An Ensemble Machine Learning algorithm for classification of bacterial strains.

These details have not been verified by PyPI

Project description

StrainFish

strainfish is a weighted ensemble machine learning algorithm with multiple DNA sequence encoders and logic, specifically designed for classification of marker sequences.

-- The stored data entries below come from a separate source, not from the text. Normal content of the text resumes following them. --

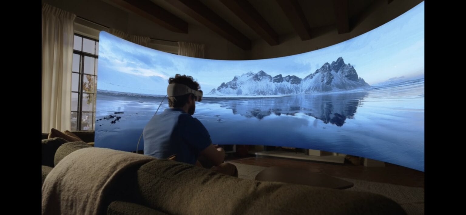Лично меня, удивила возможность просмотра фильмов и видео, в гарнитуру лаконично встроили колесико от Apple watch, при повороте, фон затемняется и меняется на прекрасные пейзажи.
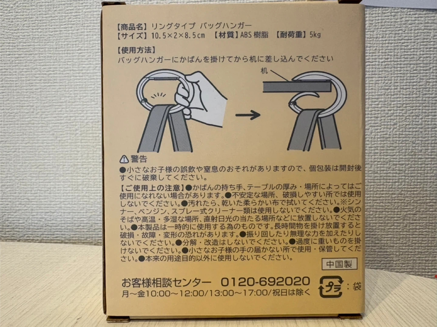 コンパクトで持ち運びやすいリングタイプのバッグハンガー、耐荷重5kgで安心して使用可能。 - 商品名: リングタイプバッグハンガー - サイズ: 10.5×2×8.5 cm - 耐荷重: 5 kg - 素材: ABS樹脂
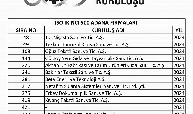 İstanbul Sanayi Odası (İSO) tarafından açıklanan "Türkiye'nin İkinci 500 Büyük Sanayi Kuruluşu-2024" araştırmasına göre Adana'dan 12 sanayi firması listeye girdi. Bu sonuçla birlikte Adana, 2024 yılı itibarıyla İSO İlk 1000 listesinde toplam 28 firma ile yer aldı.

Conceived and built by Kranti Konganti, HFP

Latest version: 0.2.2

Multiple DNA sequence encoders for NVIDIA GPU-accelerated training.
A weighted Ensemble machine-learning model generation with sensible defaults.
NVIDIA GPU-accelerated Learning and Prediction only!
Important Note: This software is under active development and as such some features are experimental. Results should be thoroughly validated and independently verified before use in critical applications or publications.

Installation
Quick Start
Training Models
Making Predictions
- Basic Prediction Command
- Model Management
Configuration Options
Test Data and Examples
Dependencies
License

Installation

StrainFish requires Python 3.12 or newer and NVIDIA GPU support for its core machine learning processes.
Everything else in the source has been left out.